For instance, the Industrial Leadership category proposes to split funding between information technologies, nanotechnologies, advanced materials, biotechnology, advanced manufacturing and space; as well as risk finance and specific funding for small businesses.

“To have a real division of labour, the Commission would need to focus on a few main topics,” Reid adds. “Anything else could be dealt with elsewhere, for example through national funding and joint programming, or structural funds [for regional development].”

Under the proposal the Commission would distribute about €80 bn from 2014 to 2020, up from about €53bn under Framework 7. This includes €13.3bn for basic research through the European Research Council (a 77 per cent increase compared with 2007-13) and €5.7bn for researchers’ training and mobility under the Marie Curie Actions (up 21 per cent).

Several industry groups have voiced their satisfaction with the Commission’s focus on applied research and innovation throughout the programme. For example, the biotechnology lobby EuropaBio praised “the emphasis under Horizon 2020 on the significant role played by industry-driven research, both as co-sponsor of public-private partnerships and participant in programmes as evaluators and contributors”.

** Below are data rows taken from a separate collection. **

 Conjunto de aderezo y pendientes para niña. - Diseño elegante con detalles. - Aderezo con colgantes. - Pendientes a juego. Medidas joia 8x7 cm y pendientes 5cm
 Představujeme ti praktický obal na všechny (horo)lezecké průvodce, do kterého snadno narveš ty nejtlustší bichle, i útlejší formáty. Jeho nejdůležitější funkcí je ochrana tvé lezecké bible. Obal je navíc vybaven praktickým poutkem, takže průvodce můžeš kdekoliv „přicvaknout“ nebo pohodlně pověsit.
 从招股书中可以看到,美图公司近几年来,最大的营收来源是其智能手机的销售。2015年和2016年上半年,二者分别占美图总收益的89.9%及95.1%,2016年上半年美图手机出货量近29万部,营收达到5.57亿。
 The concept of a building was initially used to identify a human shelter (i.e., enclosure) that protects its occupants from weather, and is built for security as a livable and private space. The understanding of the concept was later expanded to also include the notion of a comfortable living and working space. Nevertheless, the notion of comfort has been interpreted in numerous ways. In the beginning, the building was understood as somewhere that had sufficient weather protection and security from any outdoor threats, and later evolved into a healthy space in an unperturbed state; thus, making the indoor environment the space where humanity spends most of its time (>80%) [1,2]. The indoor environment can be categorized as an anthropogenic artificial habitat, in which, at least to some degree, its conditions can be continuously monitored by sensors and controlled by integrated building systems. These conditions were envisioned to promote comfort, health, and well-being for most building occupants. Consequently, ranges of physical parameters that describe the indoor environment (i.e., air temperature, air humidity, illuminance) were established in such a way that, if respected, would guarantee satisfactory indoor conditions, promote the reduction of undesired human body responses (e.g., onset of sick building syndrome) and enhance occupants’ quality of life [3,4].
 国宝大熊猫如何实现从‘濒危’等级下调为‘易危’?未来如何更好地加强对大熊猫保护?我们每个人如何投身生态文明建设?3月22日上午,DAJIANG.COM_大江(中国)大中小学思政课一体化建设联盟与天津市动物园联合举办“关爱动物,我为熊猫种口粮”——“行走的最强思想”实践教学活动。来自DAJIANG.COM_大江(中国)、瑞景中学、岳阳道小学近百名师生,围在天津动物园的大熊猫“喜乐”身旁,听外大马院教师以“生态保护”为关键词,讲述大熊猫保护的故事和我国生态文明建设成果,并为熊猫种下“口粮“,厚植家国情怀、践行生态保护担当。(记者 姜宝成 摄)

The Societal Challenges section is divided into six areas, broadly focused on health; food and agriculture; energy; transport; climate; and inclusive, secure societies. The Commission says Horizon 2020 will not prescribe specific research topics, but will be more flexible and open to different types of interdisciplinary projects—a departure from previous programmes.

However, “it looks as if there is a lot of continuity” between the six challenges and the 10 themes of Framework 7’s cooperation programme, says John Smith, deputy secretary general of the European Universities’ Association in Brussels. “Basic science and training should have a place in these societal challenges too,” Smith argues. “Universities have a major role to play in the way these are developed, during the drafting of the programme’s details before the calls for proposals are made.”

On the basic research front, the League of European Research Universities says the budget increases are not sufficient for the ERC and Marie Curie Actions. The proposed increases should be compared with funding levels in the last years of Framework 7, whose budget increased year on year, rather than over the whole seven-year period, the League told Research Europe. For example, the European Research Council’s budget is planned to be just under €1.8bn in 2013, while the proposed €13.3bn under Horizon 2020 represents about €1.9bn a year.

The Commission’s proposal also contains a single set of rules to lighten the administrative burden on funding recipients, including the abolition of time sheets for researchers working full-time on an EU-funded project. The Commission aims to decrease the average time from end of call to grant allocation to 250 days—from 350 days—and to cap the share of funding recipients subject to audit to 7 per cent.

The Commission proposes a 20 per cent flat rate to reimburse overhead costs. Leru has cautiously welcomed this, saying this would hopefully “not discourage universities to use full costing for internal management and organisational purposes, as this contributes significantly to the modernisation of Europe’s higher education.”

The EUA was less enthusiastic about the proposal. “It may be a simplification for the Commission, but not for the recipients,” Smith says. “It’s a contradiction to increase the overall budget but decrease reimbursement rates.”

Reid, however, says the proposal shows the Commission is committed to making life easier for universities. “There may be an unfortunate trade-off, but it seems like the Commission is genuinely concerned about simplification,” he says. “And it is still a proposal—universities still have time to voice their concerns and lobby through the European Parliament.”